Note: cells can co-express both inhibitory and activating FcRs and tune their response according to their integration of positive and negative signals. Which FcRs a cell expresses sometimes depends on the signals that the cell receives during an immune response.
Provide three examples of FcRs and what their function is.
- FcγRs: bind the Fc region of IgG antibodies and are the main mediators of Ab functions in the body.
- FcαR (CD89): bind the Fc region of IgA. Contributes to pathogen destruction by triggering ADCC , phagocytosis and cell activation.
- FcεR: bind the Fc region of IgE antibodies and contrubutes to inflammation and destruction of parasites through triggering degranulation of granulocytes.
- pIgR; Polymeric immunoglobulin receptor: expressed on epithelial cells and initiates the transcytosis (endocytosis and transport) of IgA and IgM from the blood/lamina propria to the lumen of the mucosal tissues.
- FcRn; Neonatal Fc receptor: Expressed on many different cell types early in an organism’s lifespan, mainly epithelial cells. The FcRn is key to transporting IgG from milk in the intestine to the blodstream of babies which have a less mature immune system. It also transports IgG across the placenta and recycle IgG taken up by pinocytosis back into circulation in adult life.
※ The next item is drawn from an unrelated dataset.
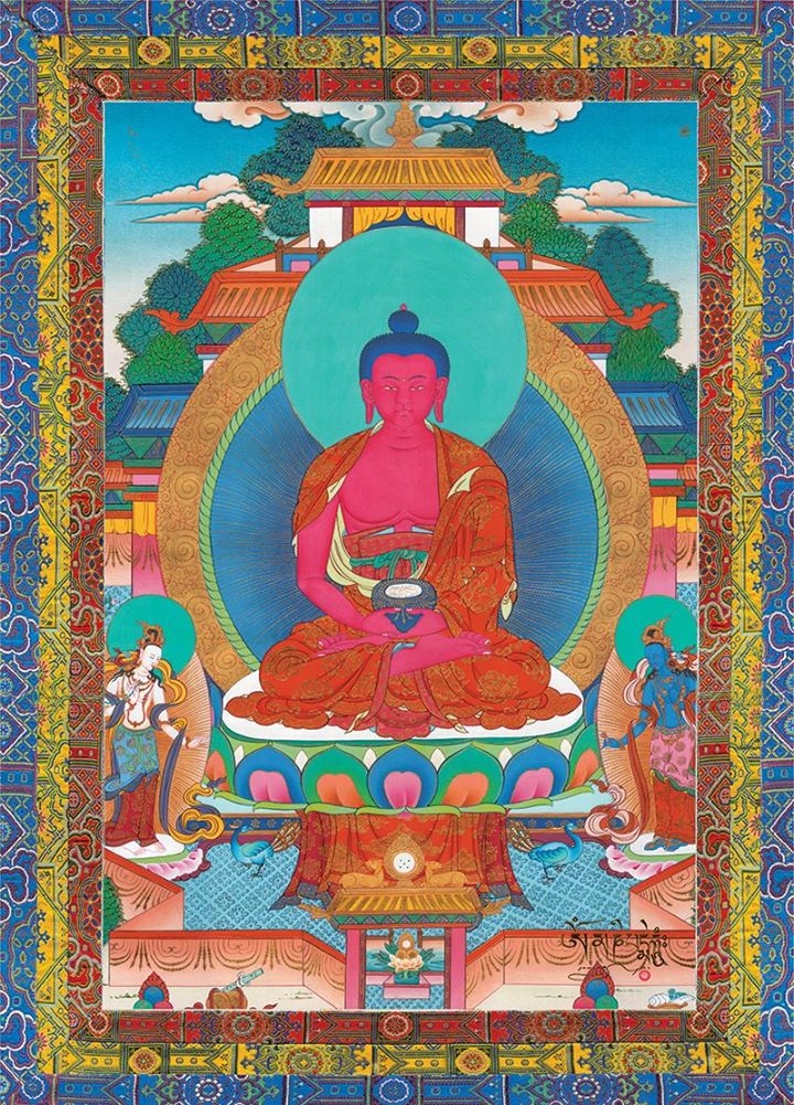 Đức Phật A Di Đà được mọi người biết đến về năng lực trường thọ, hành uẩn, sắc đỏ, nhận thức thanh tịnh và trí tuệ chứng ngộ Tính không của vạn pháp. Trì tụng chân ngôn A Di Đà giúp trưởng dưỡng lòng bi mẫn, tịnh hóa các ác nghiệp, và khai mở tình yêu thương rộng lớn vô điều kiện hướng đến mọi hữu tình, nhờ đó tiêu trừ được chấp ngã. Chân ngôn sáu âm “OM AH MI DEWA SHRI”, tiếng Việt phiên âm là “Nam Mô A Di Đà Phật” của Đức A Di Đà nêu biểu Lục độ Ba la mật, pháp đối trị với sáu xúc tình phiền não.

Describe the Fcγ receptors, which cells express them and what function is induced when binding their ligand?
The FcγRs bind IgG and are the most diverse group of FcRs; four families total, where three are activating (associated with ITAMs) and one inhibiting (associated with ITIMs. They are expressed by a wide range of cells but generally they:
– Will induce phagocytosis if expressed by macrophages
– Will induce degranulation if expressed by cytotoxic cells
The main inhibitory FcR is FcγRIIB, describe its function.
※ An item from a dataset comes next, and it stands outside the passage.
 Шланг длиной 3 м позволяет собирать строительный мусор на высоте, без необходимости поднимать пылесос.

FcγRIIB binds several different IgG subclasses and is expressed by many cell types, including B cells. When bound by antibody-antigen complexes, FcγRIIB sends negative signals through the BCR that inhibit further B-cell activation, alerting the B cell that sufficient antibodies are present and no further antibody production is necessary.
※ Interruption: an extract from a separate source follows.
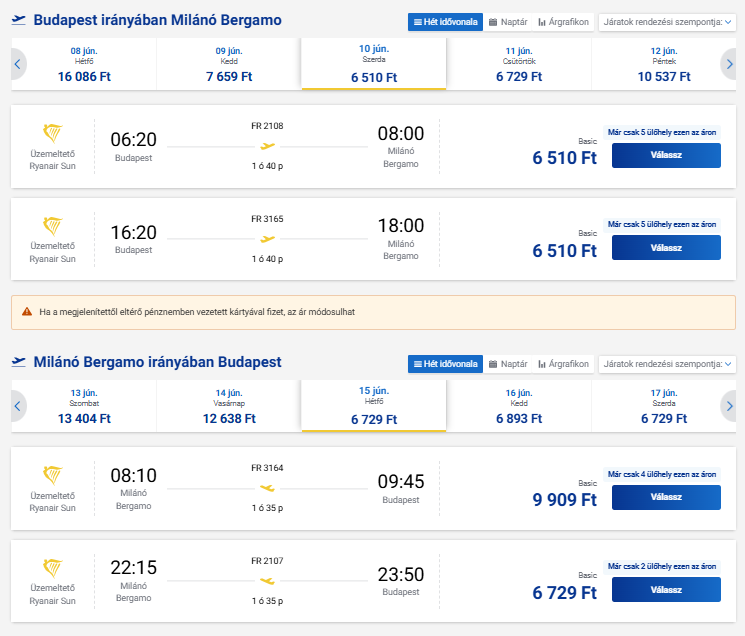 Repülőjegy: Ryanair, oda-vissza 13.229 Ft Foglalás ITT

Describe the Fcα receptors, which cells express them and what function is induced when binding their ligand?
FcαR are expressed by myeloid cells: Monocytes/macrophages, Granulocytes, & Dendritic cells
- Contributes to pathogen destruction by triggering ADCC and phagocytosis
- Stimulates myeloid cells to release inflammatory cytokines and generate
superoxide free radicals to help kill internalized pathogens
Describe the Fcε receptors, which cells express them and what function is induced when binding their ligand?
FcεRs are expressed by granulocytes: Mast cells/basophils, & Eosinophils
There are two types; High-affinity FcεRI and Low-affinity FcεRII.
FcεR signalling triggers a signaling cascade that releases histamines, proteases, and other inflammatory mediators. Most often associated with allergy symptoms
Can antibodies be rejected when transplanted?
Not really, which is key in the transfer of IgG from mother to infant to provide protection in the early years when the immune system is still developing. It also have huge therapeutic potential because they’re so similar between people and can be used to threat a plethora of diseases like psoriasis (antibodies toweards IL-17), arthritis (TNF-α receptor), and many cancers.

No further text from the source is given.